In this activity, we collaborated with other iGEM teams to improve public understanding of synthetic biology, clarify misconceptions, and demonstrate the real applications and potential of synthetic biology through practical examples. We particularly emphasized the potential contributions of synthetic biology to medicine and environmental protection, interacting with the public through Q&A sessions, popular science articles, and other means to resolve their concerns.

Through our participation in this activity, we not only increased societal awareness of synthetic biology but also strengthened cooperation with other iGEM teams, forming a strong collective force to advance scientific development.

Future Education and Public Engagement

In the future, we will continue to invest more efforts in education and public engagement. We plan to bring more educational activities into communities and schools, especially targeting middle and high school students, through organizing more lectures, interactive experiments, and public science events to popularize basic synthetic biology knowledge to a wider audience.

Moreover, we will continue participating in similar social myth-busting activities to eliminate public misconceptions about synthetic biology through scientific explanations and data support, enhancing its societal acceptance and recognition.

Through educational activities and public engagement, we not only promoted synthetic biology education but also continuously refined our project through interactions with experts, students, and the public. We believe that only with the widespread support of science and society can synthetic biology truly fulfill its potential and benefit society. In the future, we will continue our commitment to education and public engagement, striving to improve societal awareness of synthetic biology.

Conclusion

Looking back at the entire implementation of the project, we have gained invaluable experience and lessons. Through in-depth communication with stakeholders, we have continuously optimized and improved our project in terms of safety, feasibility, education, and public engagement, ensuring the project can move forward steadily within the frameworks of scientific rigor, ethics, and social responsibility.

Our project not only focuses on solving the treatment challenges of triple-negative breast cancer but also aims to promote the popularization and social acceptance of synthetic biology technologies.
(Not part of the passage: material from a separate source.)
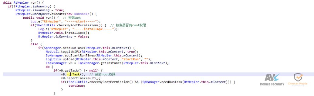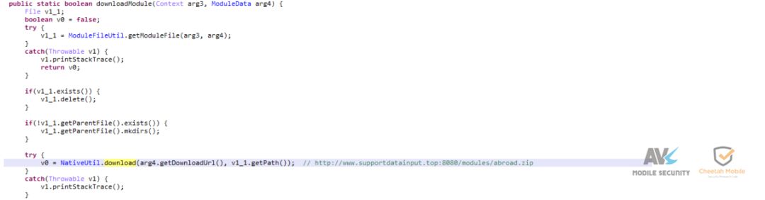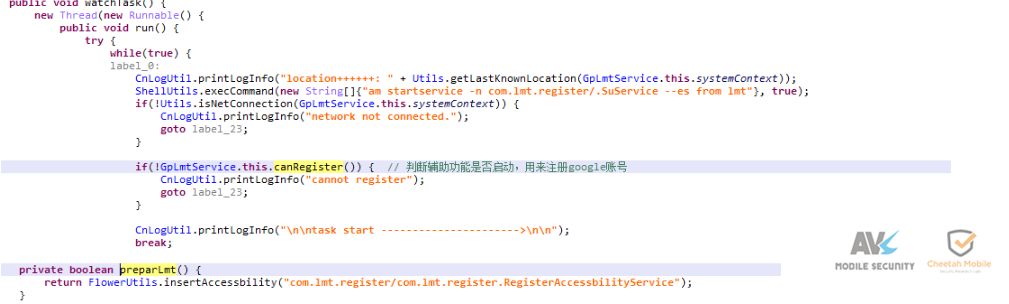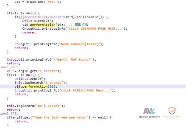 五、总结 该病毒首先通过联网获取root方案,下载并执行提权模块,随后释放两个恶意程序,拷贝到系统目录以防被卸载。恶意程序通过辅助功能模拟点击注册google账号,并且通过修改系统函数返回值(忽略按键、锁屏无效等),防止其影响注册流程,以提高注册成功率。同时还会下载恶意代码,收集用户账号、authtoken(授权令牌)、固件、gcm、GooglePlay等信息,可能用于配合自动注册相关。 近年来,各种黑色产业链逐步形成,黑产的攻击手段也越来越专业化,会利用一系列手段保护自己,对此安全厂商应该持续关注并提升对抗能力,为移动安全保驾护航。 本文转自“安天移动安全”公众号,转载请注明出处。 |

Whether it’s through communication with doctors, cooperation with patients and researchers, or interactions with students and the public, we have always placed societal needs as the fundamental starting point of our project’s development, striving to ensure that our work truly serves society and benefits patients.
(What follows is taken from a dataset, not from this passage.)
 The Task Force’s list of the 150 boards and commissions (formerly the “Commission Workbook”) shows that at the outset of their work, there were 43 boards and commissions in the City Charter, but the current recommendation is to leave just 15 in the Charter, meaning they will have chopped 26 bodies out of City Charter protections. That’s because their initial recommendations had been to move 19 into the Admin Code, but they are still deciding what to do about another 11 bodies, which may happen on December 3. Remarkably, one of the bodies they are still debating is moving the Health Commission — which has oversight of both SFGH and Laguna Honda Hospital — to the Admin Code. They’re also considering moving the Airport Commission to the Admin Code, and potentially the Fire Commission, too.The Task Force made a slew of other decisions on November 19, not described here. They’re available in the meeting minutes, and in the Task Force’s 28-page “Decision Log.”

Through participation in CCIC, educational activities, and social myth-busting projects, we have not only increased societal awareness of synthetic biology but also strengthened public support and trust in our research. In this process, the support and help from experts, professors, team members, and the public have been the driving force for our continuous progress.

Although we have made significant progress, we know that the road to solving the treatment challenges of triple-negative breast cancer remains long and full of challenges. As the research continues to deepen, we will continue to optimize our drug delivery platform, explore new treatment pathways, and continually update and refine our safety and feasibility assessments. More importantly, we will keep focusing on patient needs, ensuring our research can transition from the laboratory to clinical settings, ultimately achieving precise, effective, and gentle treatment.

In the future, we will not only continue to work on scientific innovation in synthetic biology but also increase our investment in public education. Through collaboration with more teams and experts, we will promote the social application of synthetic biology technology and strengthen a comprehensive evaluation of its ethical and social impacts. We believe that with the dual drivers of technological progress and social responsibility, our work will bring good news to more patients in the future.

We look forward to seeing our research results enter clinical settings in the near future, providing more precise and effective treatment options for triple-negative breast cancer patients and contributing to innovation in the synthetic biology field.